(Provided data)
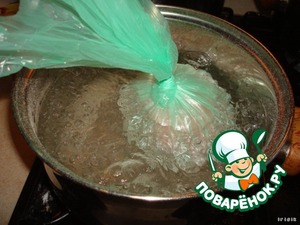 Вынув филе из холодильника, переставляем его в пакет, и плотно завязываем в узел.
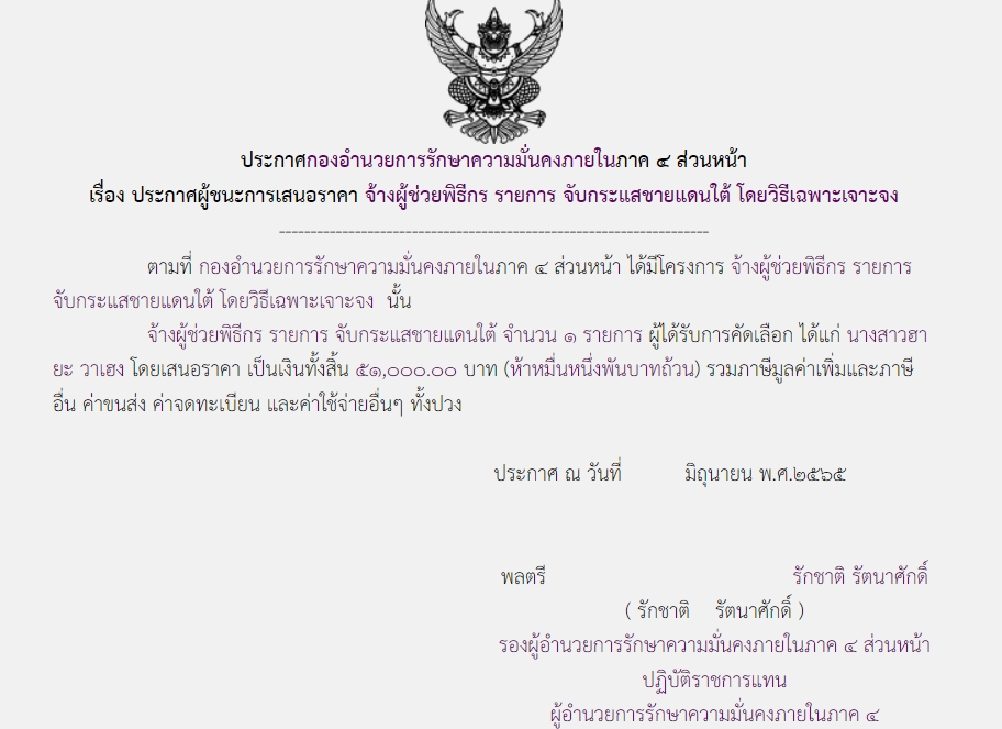 ประกาศผู้ชนะการเสนอราคา จ้างผู้ช่วยพิธีกร รายการ จับกระแสชายแดนใต้ โดยวิธีเฉพาะเจาะจง
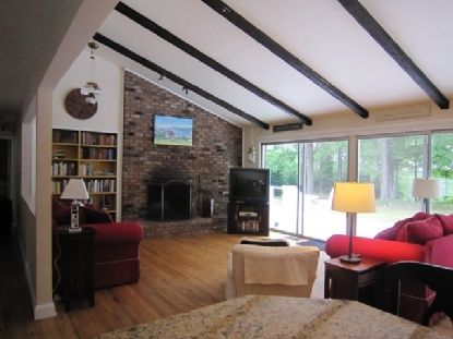 Spacious three-bedroom two-bath traditional home with large open living room, dining area with views of the lovely private property. There is a custom-built deck surrounding the house at the back of the property. Features include a renovated kitchen and partially-finished basement with laundry room. The house is centrally air conditioned and boasts a one-car garage. Just a short distance to Three Mile Harbor and bay beaches, yet only a 10-mi
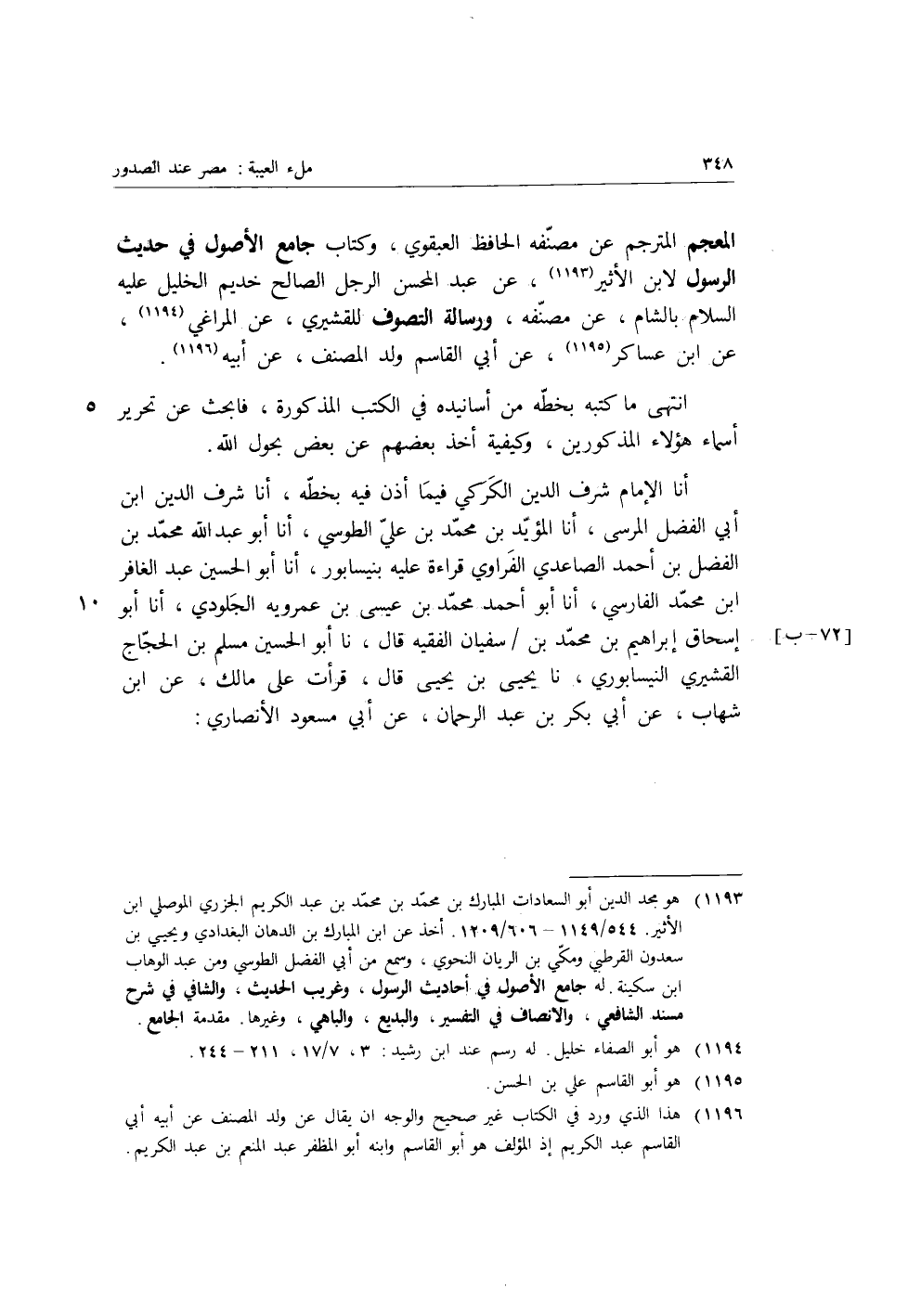 المعجم المترجم عن مصنفه الحافظ العبقوي، وكتاب جامع الأصول في حديث الرسول لابن الأثير، عن عبد المحسن الرجل الصالح خديم الخليل عليه السلام بالشام، عن مصنفه، ورسالة التصوف للقشيري، عن المراغي، عن ابن عساكر، عن أبي القاسم ولد المصنف، عن أبيه.
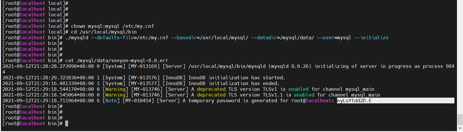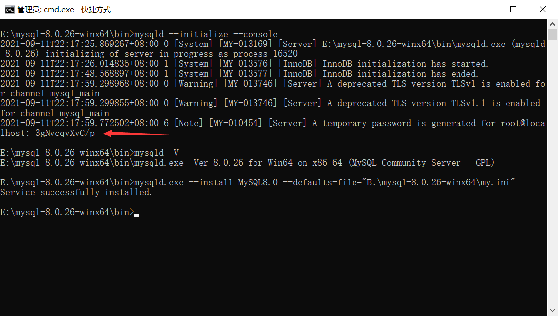 初始化数据库,执行命令mysqld --initialize --console,记住生成的随机密码
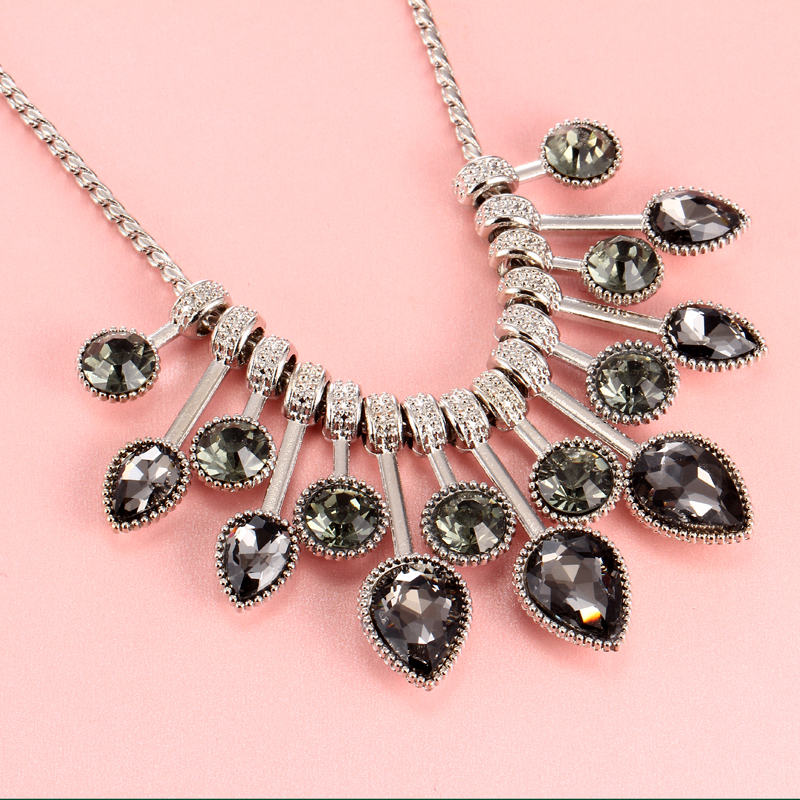 Women Statement Choker Necklaces 2021 Crystal Rhinestone Charm Black Stone Drop Necklace Beads Collier Femme 2021
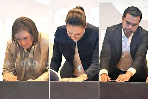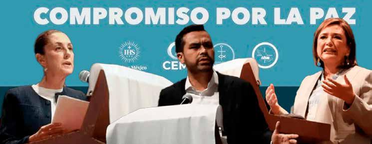 Los candidatos presidenciales Xóchitl Gálvez, Jorge Álvarez Máynez y Claudia Sheinbaum unieron fuerzas al suscribir el Compromiso por la Paz, respaldado por la Iglesia y compuesto por 117 propuestas destinadas a combatir la violencia en México. Sin embargo, a pesar de las firmas unificadoras, surgieron divergencias notables, especialmente en la visión de Sheinbaum sobre la "militarización" del país.
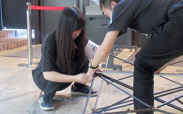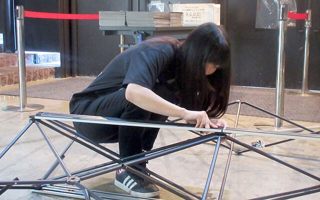 初めのお仕事は、会場入り口付近に設置するポスター掲出用の器具を組み立てるお仕事。
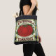 Fin tote bags som är övertryckt! Finns i två stilar och två storlekar! Vintage illustrerar reklam för frukt på låda-etiketten med en stor röd, mogen ekologisk tomat på vinerna. Retro-reklam för tomater som är konserverade under varumärket Defender.
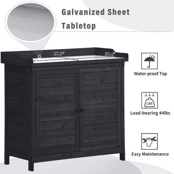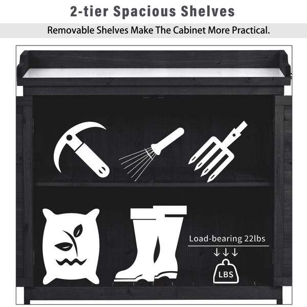 39\" Rustic Garden Potting Bench Table Outdoor Wood Workstation with 2 Tier Shelves Side Hook Storage Cabinet and Garden Shed
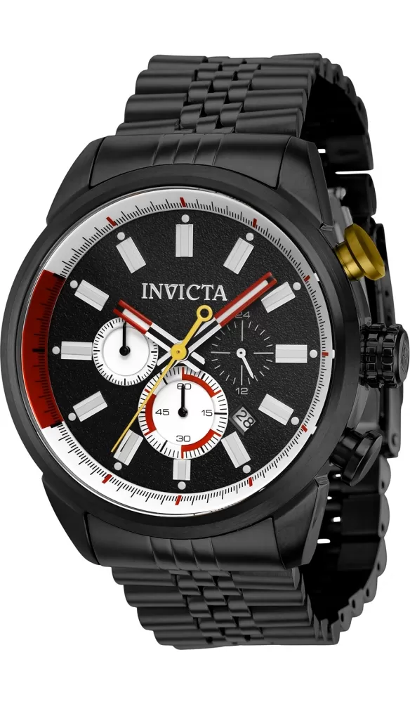 Športový pánsky model je vyrobený z vysoko kvalitnej nerezovej ocele, ktorá je ošetrená PVD povrchovou úpravou v čiernej farbe. Okrúhle púzdro poháňa spoľahlivý strojček Seiko VD53 a batéria s dvojročnou životnosťou. Čierny číselník je doplnený bielymi ručičkami a indexmi hodín. Tiež má k dispozícii chronograf a dátum. Vodotesnosť u tohto pánskeho modelu je 100M.
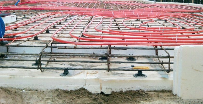 The technology of the Swedish insulated slab involves the installation of a warm floor in the thickness of a monolithic foundation. The underfloor heating contour is laid on the upper mesh and is attached with nylon clamps. In this regard, the thickness of the upper concrete cover should be taken into account, which should be 50-70 mm. In places where load-bearing walls or doorways are located, pipes should be placed in sleeves made of durable material. There must be a distance of at least 10 cm between the pipes.
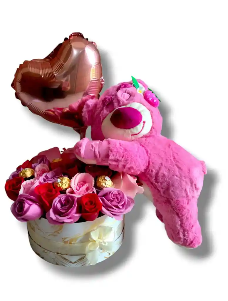 Arreglo floral de 24 rosas pastel 5 chocolates ferrero peluche y globo.
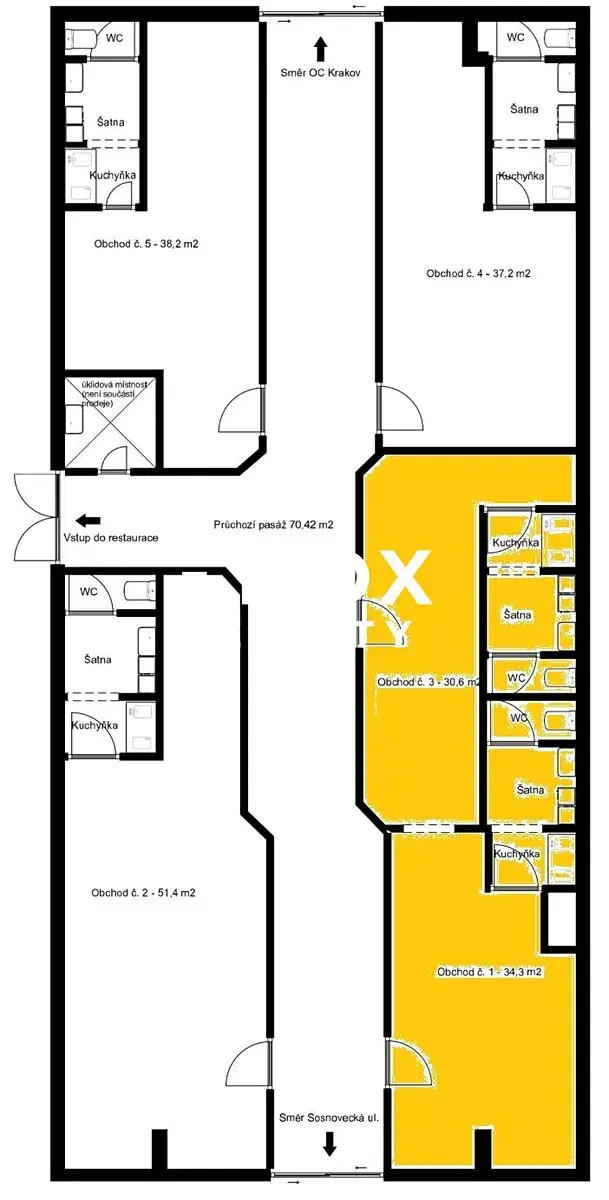 Prostor se nachází v průchozí pasáži s komerčními jednotkami, která slouží jako spojnice směrem k OC Krakov, což zajišťuje výbornou frekvenci kolemjdoucích.
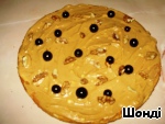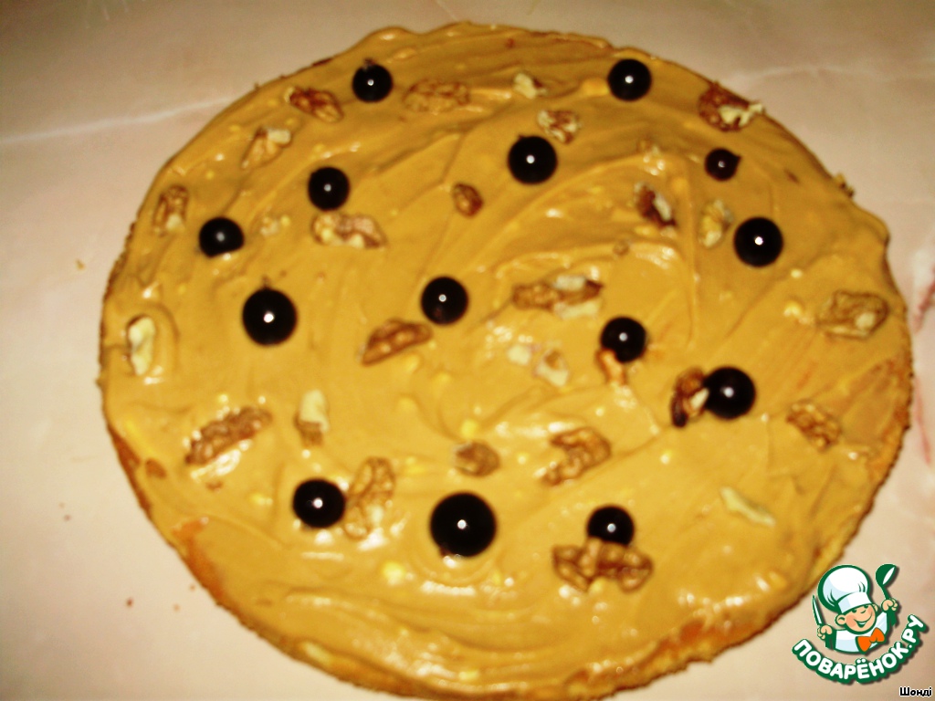 Смазываем коржи кремом, на прослойку укладываем ягоды смородины и грецкие орехи.
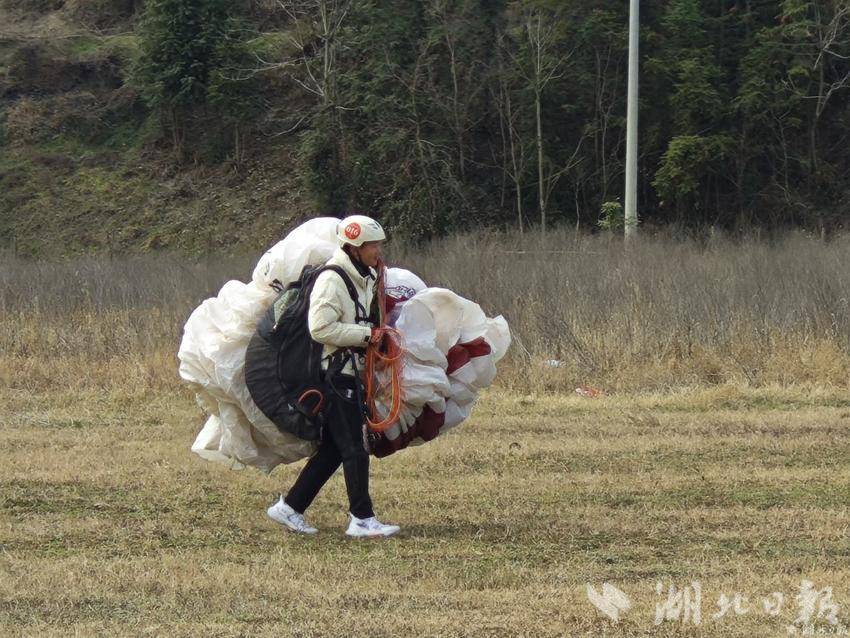 如今湖北黄石、荆门、宜昌、咸宁等地,均有滑翔伞飞行体验基地。在黄石大冶毛铺,最多时每年千名体验者“放飞”滑翔,最小体验者仅有3岁,最大体验者年龄超过60岁。
(End Provided data)
• What the task requires
Between and including the line above that contains "The technology of" and the line that contains "Смазываем коржи кремом, на", restate every line word for word. Pictures stay out.

• Solution below
 The technology of the Swedish insulated slab involves the installation of a warm floor in the thickness of a monolithic foundation. The underfloor heating contour is laid on the upper mesh and is attached with nylon clamps. In this regard, the thickness of the upper concrete cover should be taken into account, which should be 50-70 mm. In places where load-bearing walls or doorways are located, pipes should be placed in sleeves made of durable material. There must be a distance of at least 10 cm between the pipes.
 Arreglo floral de 24 rosas pastel 5 chocolates ferrero peluche y globo.
 Prostor se nachází v průchozí pasáži s komerčními jednotkami, která slouží jako spojnice směrem k OC Krakov, což zajišťuje výbornou frekvenci kolemjdoucích.
 Смазываем коржи кремом, на прослойку укладываем ягоды смородины и грецкие орехи.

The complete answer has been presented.